Two eye witnesses and two different descriptions.

It reminded me of another day when I was walking with my group along the boardwalk in the Fakkahatchee Strand State Preserve. A family of tourists were pointing at something in the swamp, exclaiming in loud whispers, “Did you see that?! Did you see that?!”

Noticing my park ranger-looking uniform, the father ran up to me. “We just saw a black panther!” he exclaimed.

“Really?” I replied. “Are you sure?”

“Yes, yes, it’s right back there about 200 feet!”

A black panther? If he was right, it would be a first for me. Of all the panther sightings in Florida, wildlife officials say none are black.

I climbed up on the railing and grabbed a cabbale palm tree to keep my balance. With my binoculars, I scanned the area where the man was pointing. Sure enough, there it was…a black feral hog, rooting around in the muck. If I hadn’t encountered my buddy with the monkey suit, perhaps I might have become a Skunk Ape believer. I also might have believed in the Yeti, Sasquatch or Bigfoot. Plus Loch Ness, crop circles, little green men and tales from behind the pulpit. But as always, I saw how easily someone can fake a mystery. And I saw how much other people wanted to believe the hoax was real.

Over the next decade, the Everglades Skunk Ape would get a lot of international coverage. Daily newspapers across the U.S., Canada and throughout Europe mentioned the sightings. So did radio stations. CBS’s unsolved mysteries spent a week trying to track down the elusive creature.

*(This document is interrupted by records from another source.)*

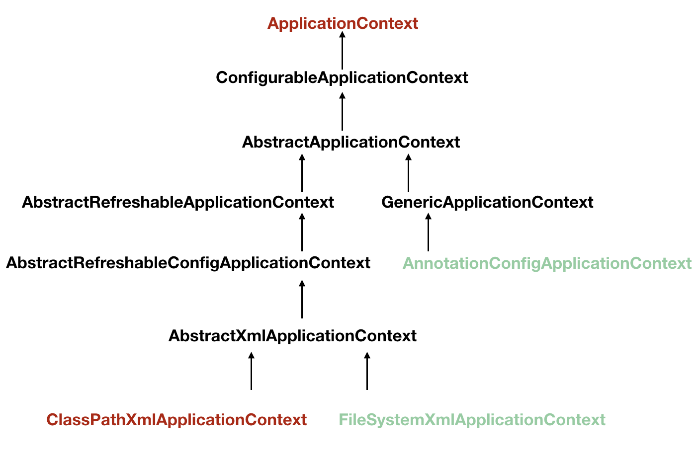 我们可以看到,ClassPathXmlApplicationContext 兜兜转转了好久才到 ApplicationContext 接口,同样的,我们也可以使用绿颜色的 FileSystemXmlApplicationContext 和 AnnotationConfigApplicationContext 这两个类。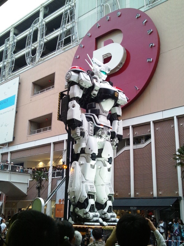 写真は、シネ・ウインドのご近所、BP2前に登場した、実物大・イングラム”(全高10m)。実写映画「THE NEXT GENERATION パトレイバー」の撮影でも使用されたものだとか。サイレンとともに立ち上がるデッキアップ、かっこよかったですよ~!!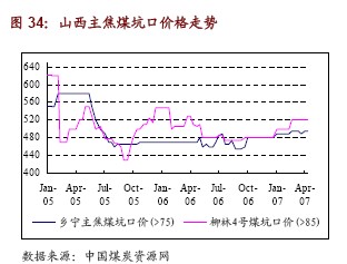 2007年3-4月山西主焦煤坑口價格小幅上漲

A local panther tracker, Dave Shealey, has taken throngs of reporters on expeditions to hunt down the ape, enticing it with lima bean traps. Why lima beans? According to Shealy, when the creature breaks into hunting camps, the lima beans are the only food item missing. Shealy says he has spent the last 40 years of his life looking for the beast.

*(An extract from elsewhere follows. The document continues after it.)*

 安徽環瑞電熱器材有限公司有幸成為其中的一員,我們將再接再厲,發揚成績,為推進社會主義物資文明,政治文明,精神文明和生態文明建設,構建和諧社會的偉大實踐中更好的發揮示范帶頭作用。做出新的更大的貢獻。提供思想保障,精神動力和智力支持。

Marco Island resident Nate Martin spent six years shooting, editing and producing his very own full-length feature film staring Shealy.

Shealy, Martin and the media went about things backwards. They started with the assumption that there really is a Skunk Ape, then searched for the evidence to prove it. They should have started with the assumption that there is no such creature. At the time of the first sightings, had any gorilla costumes been rented or purchased within 100 miles? Who could benefit by creating a swamp monster hoax? Or who was wacky enough to do it just to stir the pot?

I’ll never tell. But the truth is out there.